Right now, eBooks are tied into specific platforms, usually locked by Digital Rights Management. It's very much like the DRM-loaded digital music scene of the early 2000s, back when iTunes was still locking their files. But eventually, everybody standardized on DRM-free MP3, and now many shopfronts sell files that can be played on many devices. eBooks can follow a similar path, using open standards and open platforms, some of which may be able to deliver these extra elements, some of which may not... but all of which can compile together a complete library of all the books you own, side by side, available as a consistent experience.

We're almost there. We can have our cake and eat it too. eBooks can stride the line between the stupid excesses of wildly overdone extra elements, and the traditional but boring presentation of a paper book. They can do it without leaving anything behind, with solid thinking behind the technology. Authors can choose how far they want to take their work into experimental territory without risking becoming an abandoned work. I believe that the future holds all of this.

Myself, I'm taking it step by step.

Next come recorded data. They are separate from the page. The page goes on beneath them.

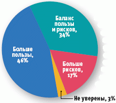 Руководство большинства компаний уверено, что к 2013 году сотрудники компаний будут настолько технически подкованными, что смогут без проблем работать со всем информационным инструментарием. Оптимизм относительно этого выразило 82% бизнес-руководителей, опрошенных PricewaterhouseCoopers. В крайнем случае персонал будет способен освоить нужные ИТ-решения в кратчайшие сроки. В том числе речь идет и о сотрудниках низшего уровня. Тем не менее повышение роли технологий и растущая техническая грамотность персонала вызывают и определенную озабоченность. Значительная часть руководителей видит в этом рост рисков для компании. Однако большинство признает, что польза от технически грамотных сотрудников гораздо больше возникающих рисков.
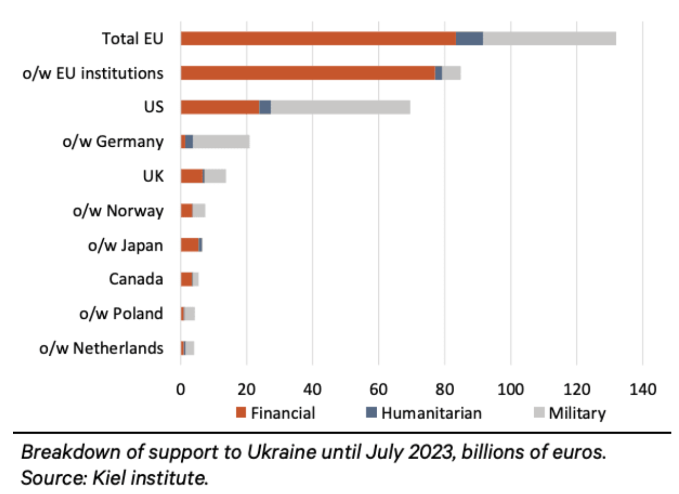 Kiel Institute确认欧盟及其成员国是乌克兰最大的捐助国,但一半的军事援助来自美国。
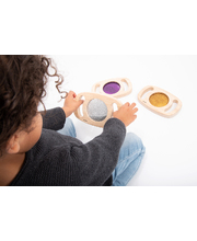 Set of 3 solid rubberwood frames with easy hold handles enclosing a panel of sparkling glitter, one in each colour - purple, silver and gold. The panels can be twisted and turned to make the glitter liquid move and flow in fascinating ways. Ideal for sensory discovery and broadening descriptive vocabulary.
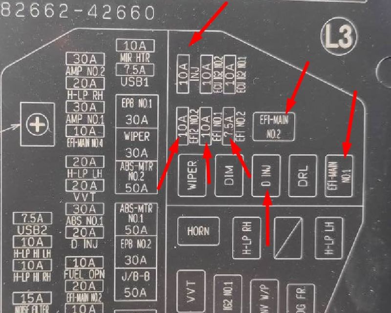 Rav 4, 5 поколения, гибрид, 2.5 литра, если можно дополнительно, какой предохранитель за что отвечает?
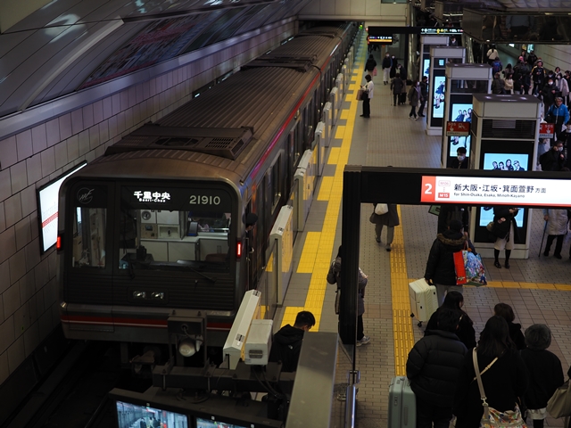 昔撮ったときはまだ御堂筋線は8連で停車中のカットが撮れたのだけど今は発車直後のカットを撮るしかないんだな。
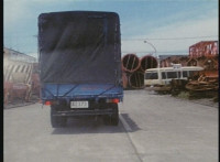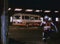 Cuts follow-up shot of parked van and then VR JB dismounting. |
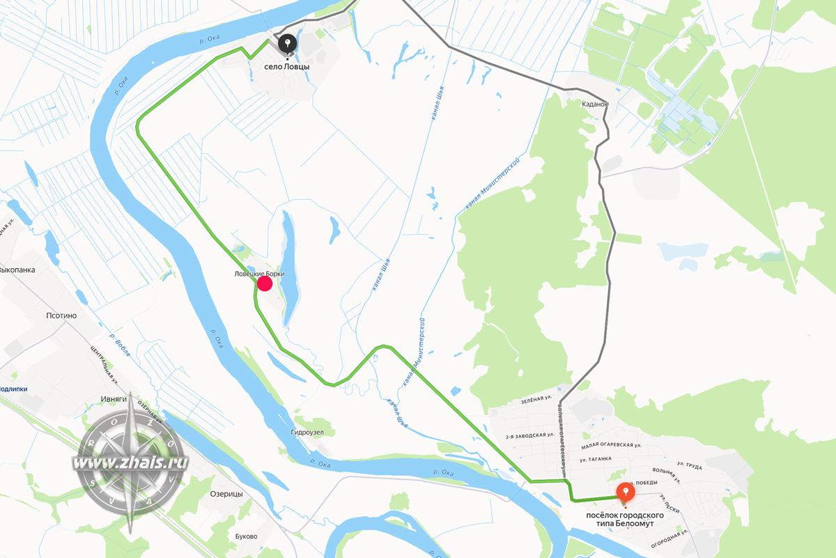 Оставив позади Белоомут мы направляемся в следующее бывшее дворцовое село, расположенное на том же, левом берегу Оки - Ловцы.
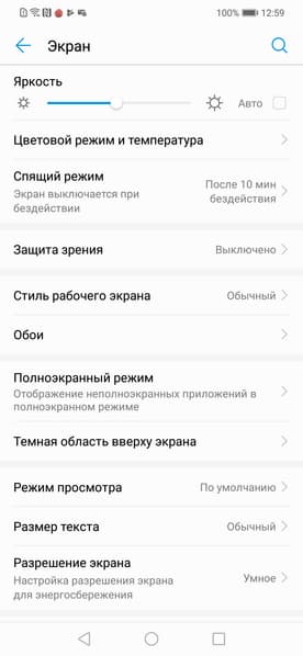 Яркость дисплея можно подстраивать вручную или использовать автоматические настройки, основанные на работе датчика внешнего освещения.
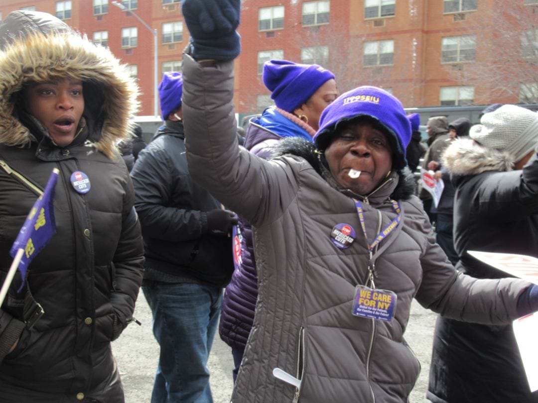 Fiery speakers from 1199SEIU, the New York State Nurses Association and community supporters warmed up this crowd of self-sacrificing workers, who care for patients and their families. With a long history of struggle by and for mostly people of color, in this community with a large West Indian population, 1199SEIU members are prepared to struggle.
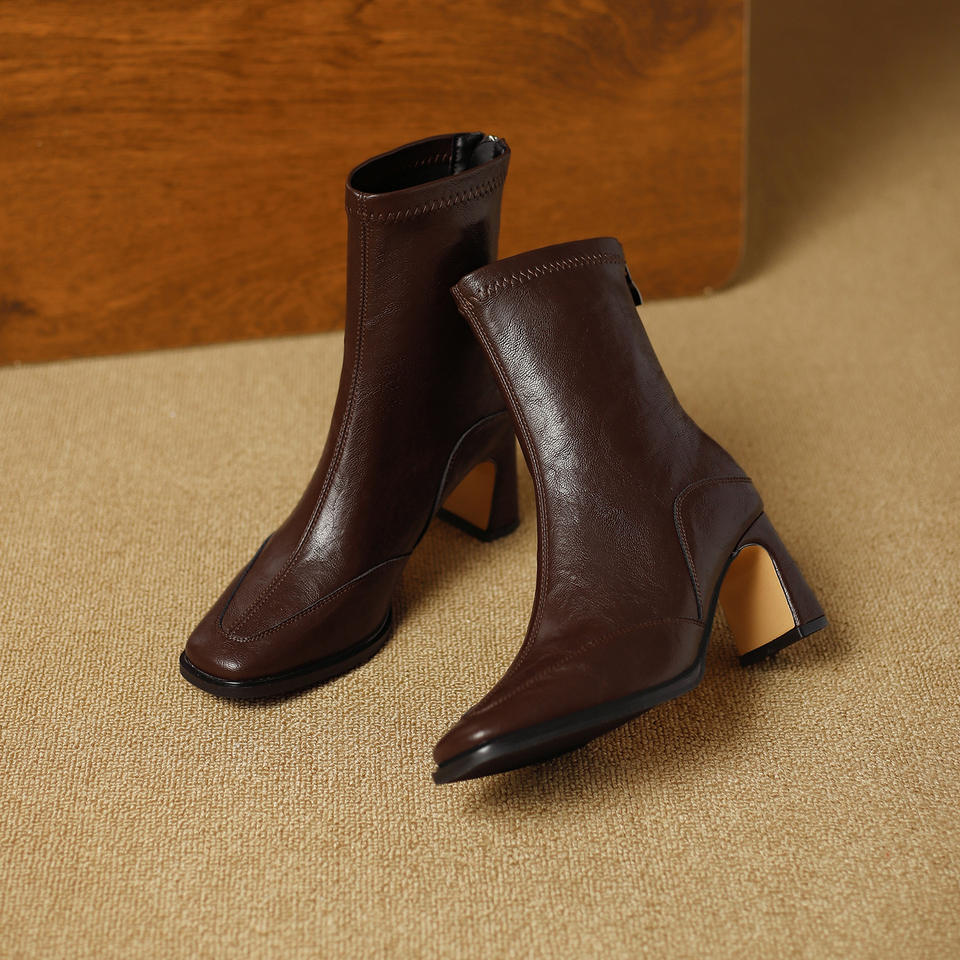 รองเท้าบูทหุ้มข้อสตรีแบบส้นหนา หัวเหลี่ยม ใส่สบายและใช้งานได้หลากหลาย พร้อมดีไซน์สไตล์เรโทร
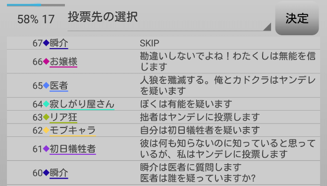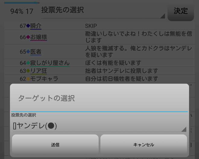 瞬介「議論はこれで終わり。投票の時間になります。●を出された『ヤンデレへ投票』をしよう」
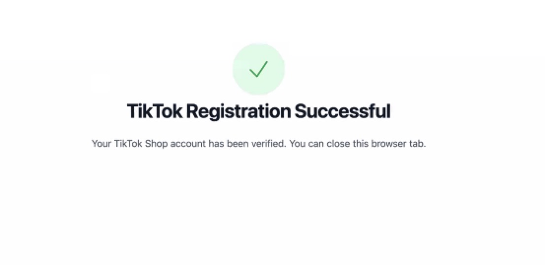 After TikTok confirms authorization, you will be automatically redirected to Shipium. When you see the TikTok Registration Successful confirmation, your account has been verified and you can close the browser tab.
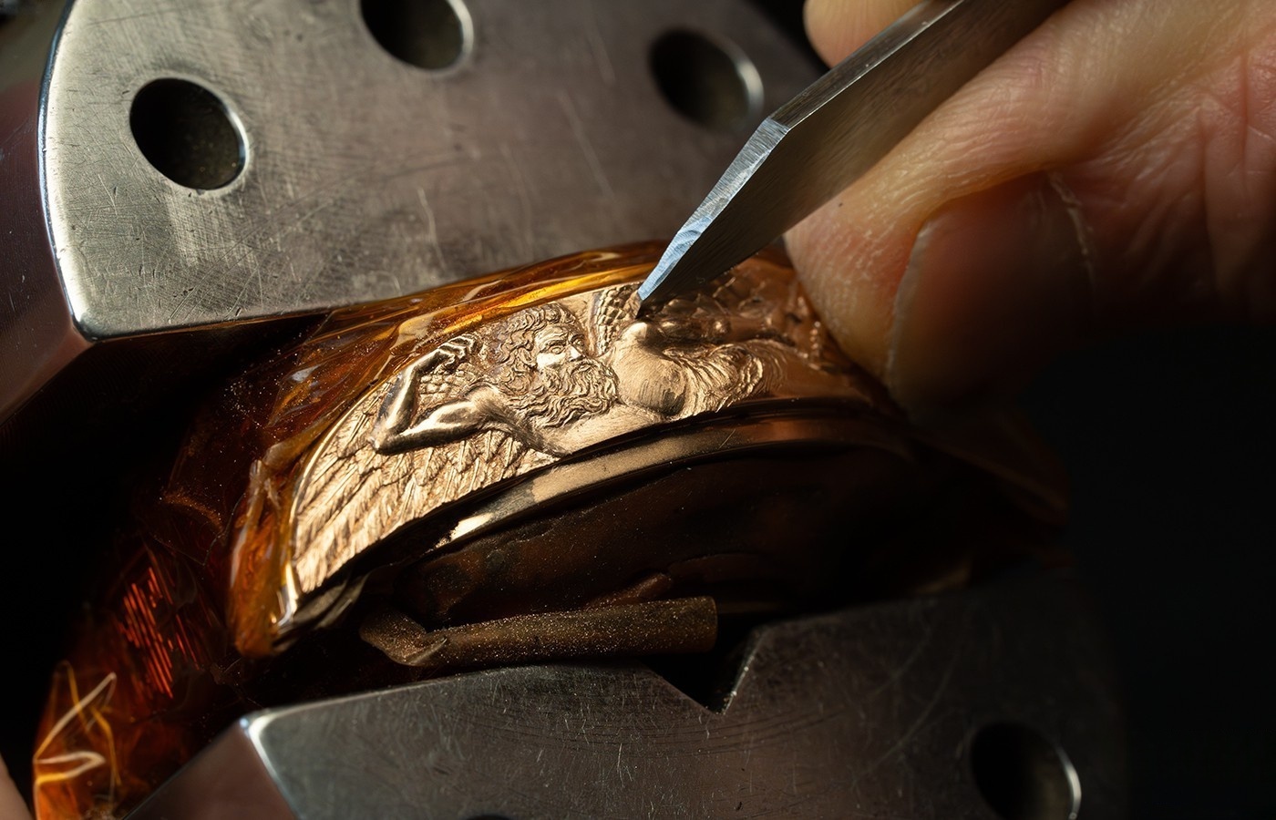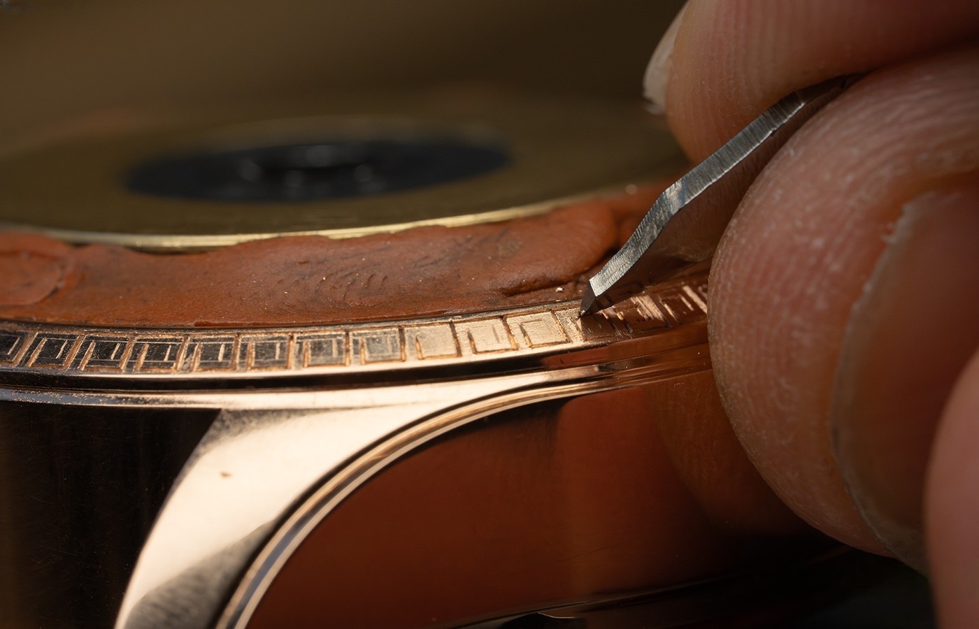 Case | 18K 5N pink gold with hand engraving Diameter: 45 mm |

My current books are a mixture of tradition and change. I use the font shifts and images of Sailor Nothing in modern works like City of Angles... but I keep in mind that I want my books to be experienced however the reader wishes, on any device, including dead tree published formats. I've scaled back the excesses but kept the spirit alive through manipulation of the text and the presentation. I sell through Amazon's Kindle store, but I don't include DRM on any of my works, and I have the source files so I can convert them to whatever format may come in the days ahead. In the end, it's a stronger work, and future-proofed.


With clear thinking, solid technology, and the ability to compromise your approach without compromising your artistic integrity... I see eBooks as having vast, untapped potential that we will be able to tap, one day. As long as we're not stupid about it, of course.